▽
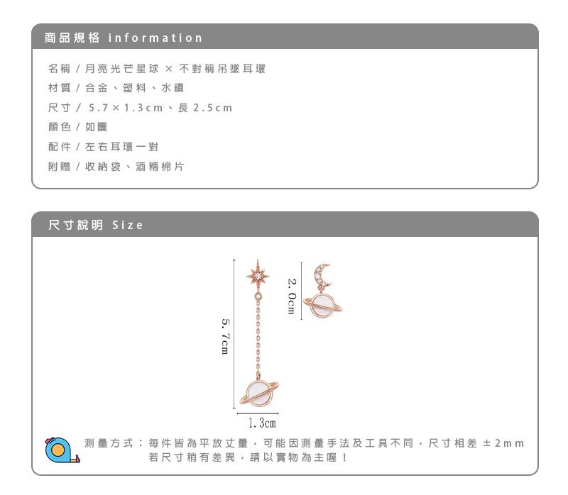 月亮光芒星球×不對稱吊墜耳環-第6張
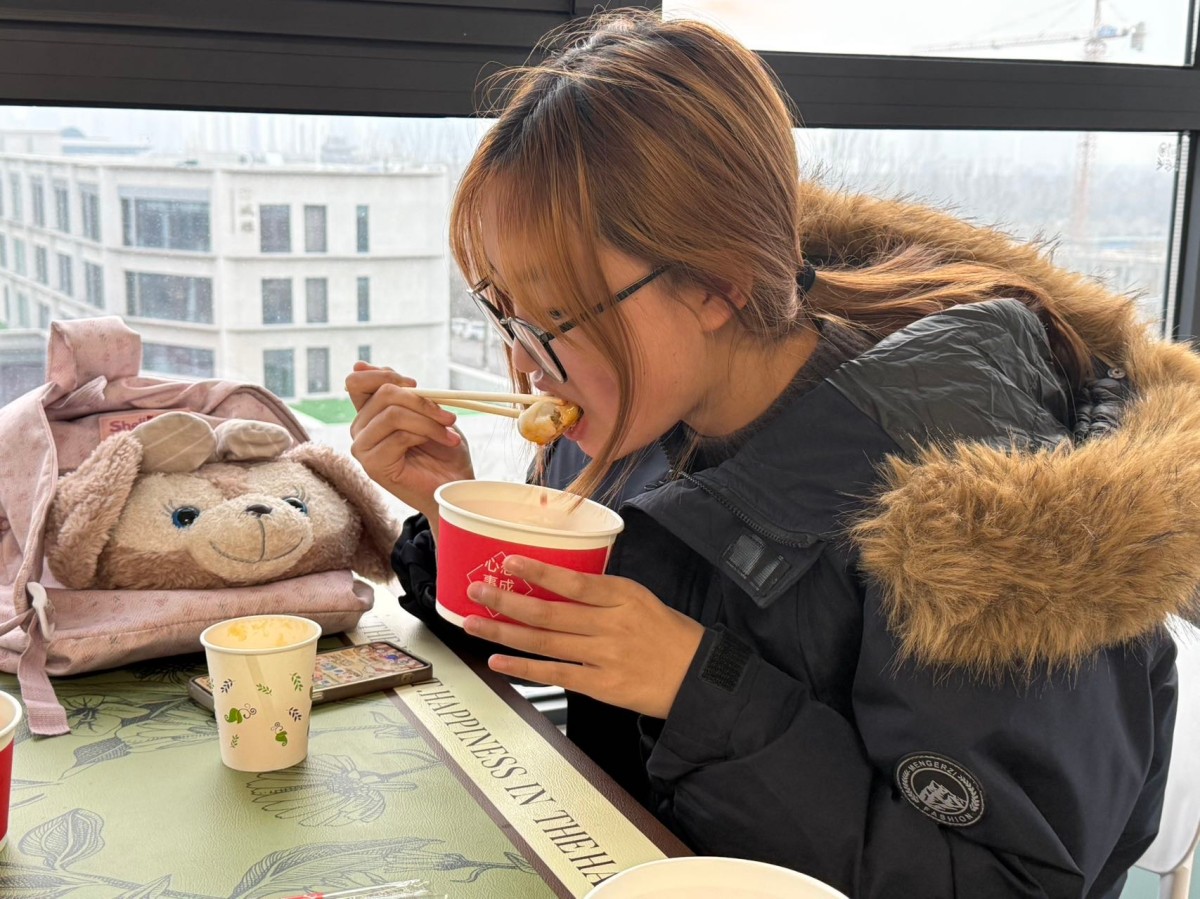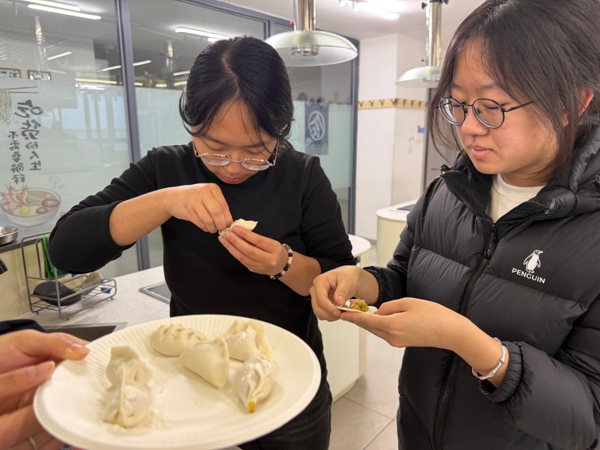 12月11日,英语2502班于毣谷书院共享厨房,开展“围炉包饺,共话情长”冬至主题活动,将节气文化、劳动实践与班级温情深度融合。活动现场,同学们分组协作、各展所长:和面擀皮有条不紊,调馅包饺默契十足。厨艺“新手”在“熟手”指导下,从捏出歪扭饺子到渐握技巧;擅长烹饪的同学则创意包出“元宝饺”“月牙饺”,满室欢声笑语,尽显大家庭暖意。分享环节,外省李同学感慨“包的是团圆,不再想家”。此次活动既让传统文化“活”起来,更凝聚班级情感,为寒冬注入满满正能量。
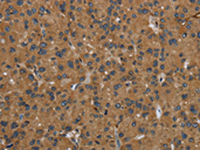 The image on the left is immunohistochemistry of paraffin-embedded Human liver cancer tissue using CSB-PA934669(GBP5 Antibody) at dilution 1/50, on the right is treated with fusion protein. (Original magnification: ×200)
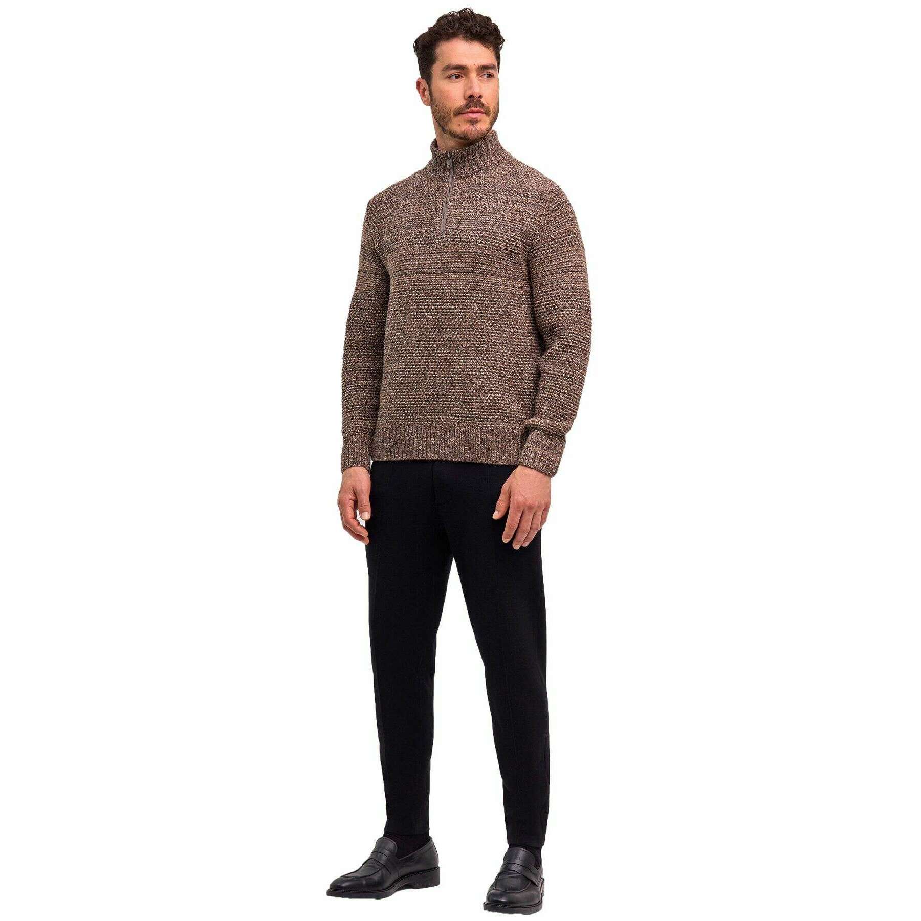 • Grosse maille, poitrine rayée, coupe classique, épaules françaises, col côtelé, poignets côtelés, traitement « entièrement façonné » de haute qualité.
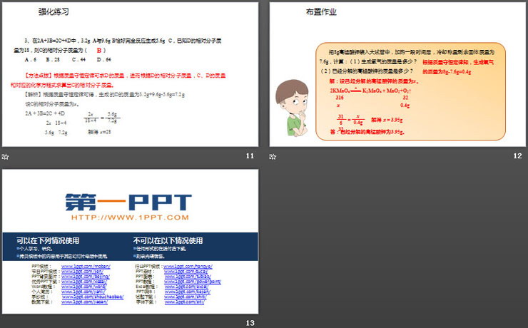 关键词:人教版化学九年级上册PPT课件免费下载,利用化学方程式的简单计算PPT下载,化学方程式PPT下载,.PPT格式;
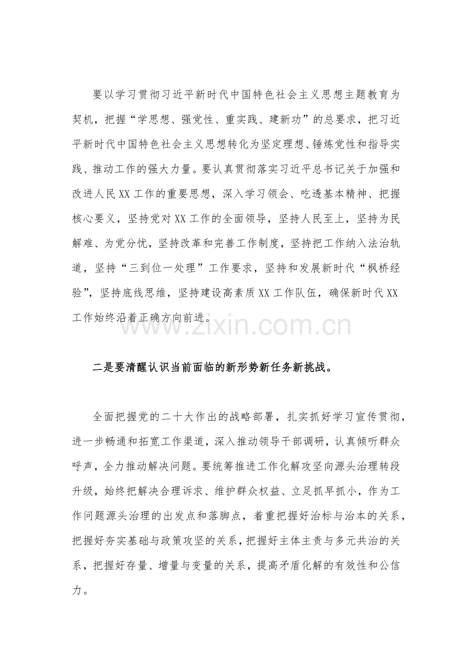 要以学习贯彻习近平新时代中国特色社会主义思想主题教育为契机,把握“学思想、强党性、重实践、建新功”的总要求,把习近平新时代中国特色社会主义思想转化为坚定理想、锤炼党性和指导实践、推动工作的强大力量。要认真贯彻落实习近平总书记关于加强和改进人民XX工作的重要思想,深入学习领会、吃透基本精神、把握核心要义,坚持党对XX工作的全面领导,坚持人民至上,坚持为民解难、为党分忧,坚持改革和完善工作制度,坚持把工作纳入法治轨道,坚持“三到位一处理”工作要求,坚持和发展新时代“枫桥经验”,坚持底线思维,坚持建设高素质XX工作队伍,确保新时代XX工作始终沿着正确方向前进。
△
• Task statement
Transcribe every entry above exactly as it stands, but skip the images.

• Solved exercise
 月亮光芒星球×不對稱吊墜耳環-第6張
 12月11日,英语2502班于毣谷书院共享厨房,开展“围炉包饺,共话情长”冬至主题活动,将节气文化、劳动实践与班级温情深度融合。活动现场,同学们分组协作、各展所长:和面擀皮有条不紊,调馅包饺默契十足。厨艺“新手”在“熟手”指导下,从捏出歪扭饺子到渐握技巧;擅长烹饪的同学则创意包出“元宝饺”“月牙饺”,满室欢声笑语,尽显大家庭暖意。分享环节,外省李同学感慨“包的是团圆,不再想家”。此次活动既让传统文化“活”起来,更凝聚班级情感,为寒冬注入满满正能量。
 The image on the left is immunohistochemistry of paraffin-embedded Human liver cancer tissue using CSB-PA934669(GBP5 Antibody) at dilution 1/50, on the right is treated with fusion protein. (Original magnification: ×200)
 • Grosse maille, poitrine rayée, coupe classique, épaules françaises, col côtelé, poignets côtelés, traitement « entièrement façonné » de haute qualité.
 关键词:人教版化学九年级上册PPT课件免费下载,利用化学方程式的简单计算PPT下载,化学方程式PPT下载,.PPT格式;
 要以学习贯彻习近平新时代中国特色社会主义思想主题教育为契机,把握“学思想、强党性、重实践、建新功”的总要求,把习近平新时代中国特色社会主义思想转化为坚定理想、锤炼党性和指导实践、推动工作的强大力量。要认真贯彻落实习近平总书记关于加强和改进人民XX工作的重要思想,深入学习领会、吃透基本精神、把握核心要义,坚持党对XX工作的全面领导,坚持人民至上,坚持为民解难、为党分忧,坚持改革和完善工作制度,坚持把工作纳入法治轨道,坚持“三到位一处理”工作要求,坚持和发展新时代“枫桥经验”,坚持底线思维,坚持建设高素质XX工作队伍,确保新时代XX工作始终沿着正确方向前进。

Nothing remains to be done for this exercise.